The argument proposed by Zhen Lin works once one knows that $Y$ (as defined there) is well-ordered by the "obvious" relation $\prec$, namely that one equivalence class is smaller than another if some (equivalently every) element of the first class embeds as a proper initial segment in some (equivalently every) element of the second class. Zhen Lin leaves this issue unsettled when $\mathbb N$ doesn't exist, but even when $\mathbb N$ does exist, the proposed argument doesn't work. The reason is that it uses the equivalence between "well-ordered" and "has no decreasing $\omega$-sequence"; this equivalence is not provable in the absence of the axiom of choice (more precisely, it needs the principle of dependent choice (DC), which is one of the weak forms of AC). So here's a proof, without $\mathbb N$ and without DC, that $Y$ is well-ordered.

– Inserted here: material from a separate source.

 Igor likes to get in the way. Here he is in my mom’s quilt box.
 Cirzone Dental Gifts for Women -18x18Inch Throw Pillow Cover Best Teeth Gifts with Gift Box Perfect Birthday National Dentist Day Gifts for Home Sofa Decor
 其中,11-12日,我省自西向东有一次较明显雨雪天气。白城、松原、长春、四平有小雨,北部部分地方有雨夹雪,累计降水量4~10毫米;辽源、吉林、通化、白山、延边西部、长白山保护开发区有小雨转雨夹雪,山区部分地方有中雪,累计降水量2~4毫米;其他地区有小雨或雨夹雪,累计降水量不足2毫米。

Let $Z$ be a nonempty subset of $Y$; we need to show that $Z$ has a smallest element. Consider any element $[R]$ of $Z$. By the notation $[R]$ I mean the isomorphism class of a well-ordering $R\in\mathcal F$ (still using the notation of Zhen Lin's answer). If $[R]$ is the smallest element of $Z$, we're done, so assume it is not. This means that $Z$ has other elements $[S]$ whose elements $S$ are embeddable as initial segments of $R$. Each such initial segment is, since $R$ is a well-order, of the form $\{x:xRa\}$ for some $a$ in the field of $R$. Let $Q$ be the set of those elements $a$ that arise in this way, i.e., the set of those $a$ in the field of $R$ such that the initial segment consisting of the $R$-predecessors of $a$ (ordered by the restriction of $R$) is in one of the isomorphism classes in $Z$. Because $R$ is well-ordered, $Q$ has a smallest element $b$. It is then easy to check that the isomorphism class of $\{x:xRb\}$ (again ordered by the restriction of $R$) is the smallest element of $Z$.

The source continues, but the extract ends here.